# Provided records
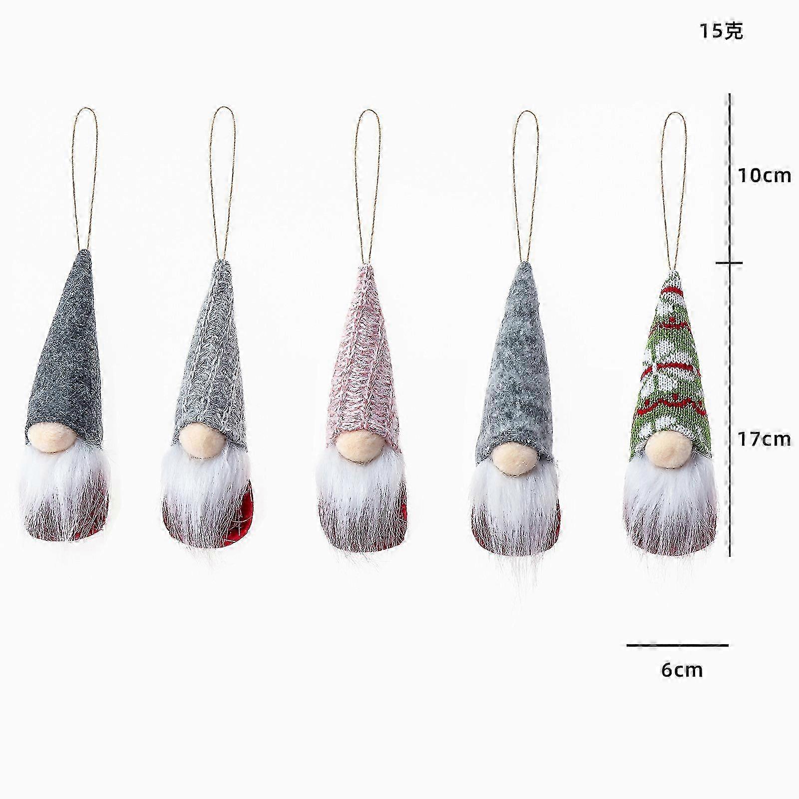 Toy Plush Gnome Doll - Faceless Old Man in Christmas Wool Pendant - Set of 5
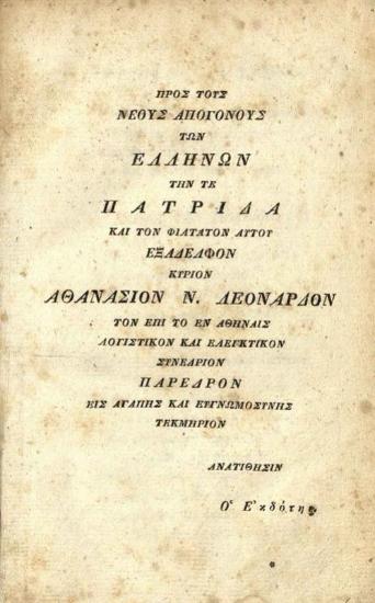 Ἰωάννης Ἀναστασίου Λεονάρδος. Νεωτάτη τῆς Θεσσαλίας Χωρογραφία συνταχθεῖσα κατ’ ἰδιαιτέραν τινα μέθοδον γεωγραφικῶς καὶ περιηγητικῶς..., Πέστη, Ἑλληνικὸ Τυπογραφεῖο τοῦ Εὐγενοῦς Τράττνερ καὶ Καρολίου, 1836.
---
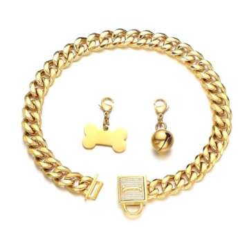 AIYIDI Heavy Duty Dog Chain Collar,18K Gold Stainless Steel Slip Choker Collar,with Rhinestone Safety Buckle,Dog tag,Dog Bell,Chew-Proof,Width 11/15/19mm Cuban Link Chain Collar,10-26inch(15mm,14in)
==
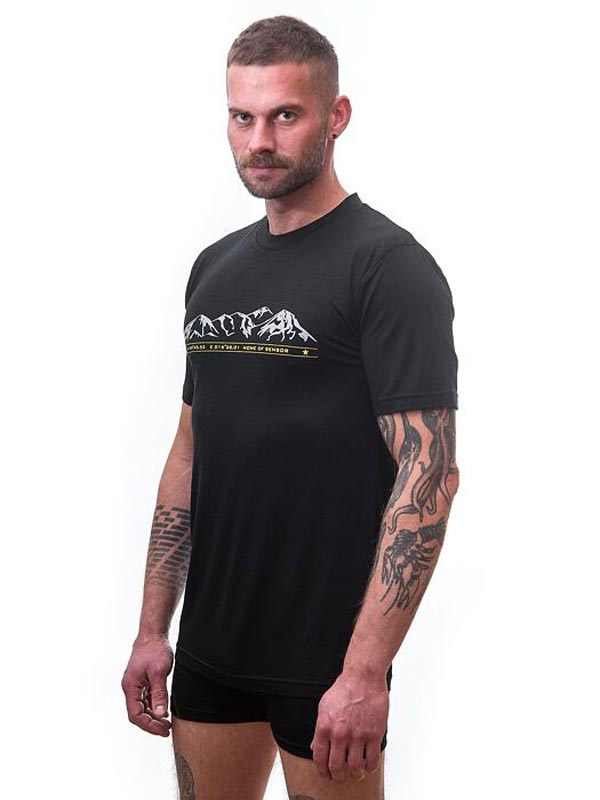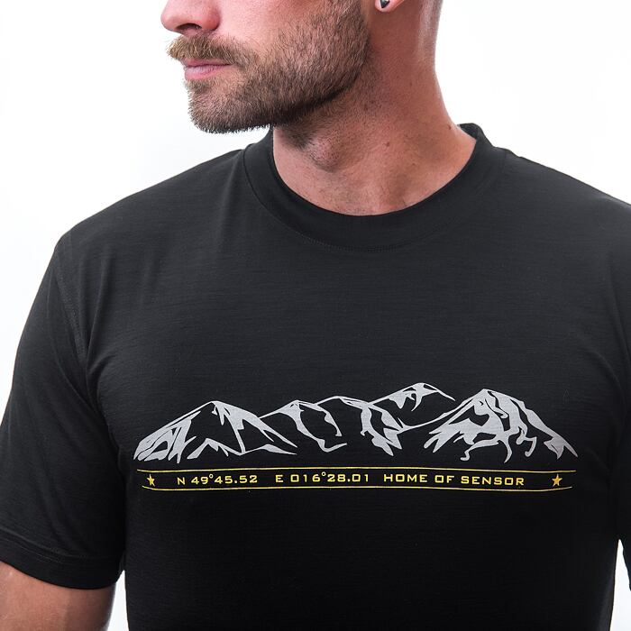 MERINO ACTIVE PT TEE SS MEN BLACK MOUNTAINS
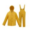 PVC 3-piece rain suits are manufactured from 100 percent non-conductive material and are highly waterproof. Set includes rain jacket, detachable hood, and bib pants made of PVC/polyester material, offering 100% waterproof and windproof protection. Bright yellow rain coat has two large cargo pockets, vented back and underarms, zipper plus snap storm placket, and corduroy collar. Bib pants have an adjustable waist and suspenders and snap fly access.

# Exercise requirements
Write out word for word the lines above that run from the one with "MERINO ACTIVE PT TEE SS MEN BLACK MOUNTAINS" to the one with "PVC 3-piece rain". Include both end lines; exclude the images.

# Your response
 MERINO ACTIVE PT TEE SS MEN BLACK MOUNTAINS
 PVC 3-piece rain suits are manufactured from 100 percent non-conductive material and are highly waterproof. Set includes rain jacket, detachable hood, and bib pants made of PVC/polyester material, offering 100% waterproof and windproof protection. Bright yellow rain coat has two large cargo pockets, vented back and underarms, zipper plus snap storm placket, and corduroy collar. Bib pants have an adjustable waist and suspenders and snap fly access.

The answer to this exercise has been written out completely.